I didn’t really know him at all when we were older. I wish I had made more of an effort to make more friends in high school with the people I legitimately liked. But I kept to myself. I played chess. I rode my bicycle in my neighborhood.

I waited for the hell of suburbia to be over, so that real life could begin. The suburban night comes to an end with the locks of the garage doors opening with metallic slowness, the extra-wide roads creeping to life, the pretentious cadillacs moving like reptiles in a fogged line so they can get to the city and begin ordering around the slaves around and climb on their backs to be Vice-Presidents of Something, Inc. They get to work, quickly wash their faces with daylight, their faces becoming pale, pasty, ugly, old, forgotten, in that order, as the humor leaves their bodies with their youth, and only the unlucky ones survive til death with nothing permanent to show for it other than another generation to take their place.

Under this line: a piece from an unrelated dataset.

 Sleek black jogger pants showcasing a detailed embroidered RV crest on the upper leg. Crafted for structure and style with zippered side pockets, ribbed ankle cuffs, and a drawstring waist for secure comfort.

I didn’t make too many friends, thinking that one day the exact thing my parents generation worshipped: money, would be mine and I would be finally happy. As a youth I fantasized about the money. And when I had a bit of money, poverty grasped me like a scorned lover and wouldn’t let go. I fantasized about  the kids that tortured me. They would come to me when we were older,  looking for jobs and I would string them along until I finally said “NO!” and they would cry hopelessly. In my head I was as mean and cruel as any kid that tortured me. Now I want my youth back, to reverse those fantasies, to reverse that cruelty, to cure in advance the shame that plagued the next thirty years of my life. To become friends with the people who I had been afraid of.

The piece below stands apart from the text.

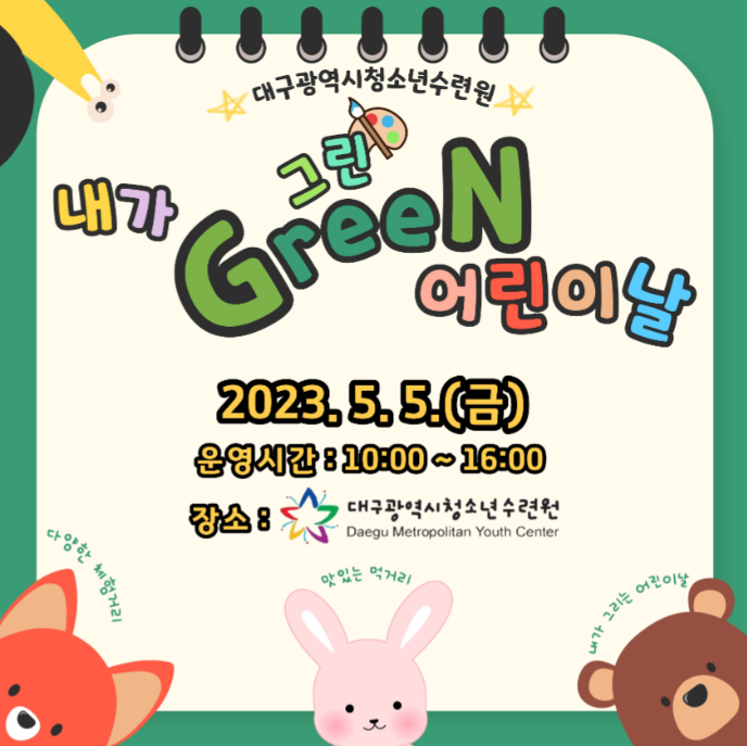 대구광역시청소년수련원’내가 Green 어린이날’ 봉사자 모집 5월 5일(금), 대구광역시청소년수련원에서 어린이날을 함께 그려 갈 봉사자를 모집합니다! ◇ 모집기간 : 2023년 4월 12일(수) \~ 4월 28일(금) 까지

Maybe Jim tried to kill himself at 18 because he saw the joke before the rest of us did. Jim Norton was funnier by far than all of the kids I grew up with. We were constipated with life and he had crapped it all out. But what made him a comedian was not his enormous talent, or his ability to see through the lies – so easily funnier than the rest of us, but the persistence, mania, tireless study of his peers, and the pursuance of the dream that left the rest of us behind when all we do is weep and sleep.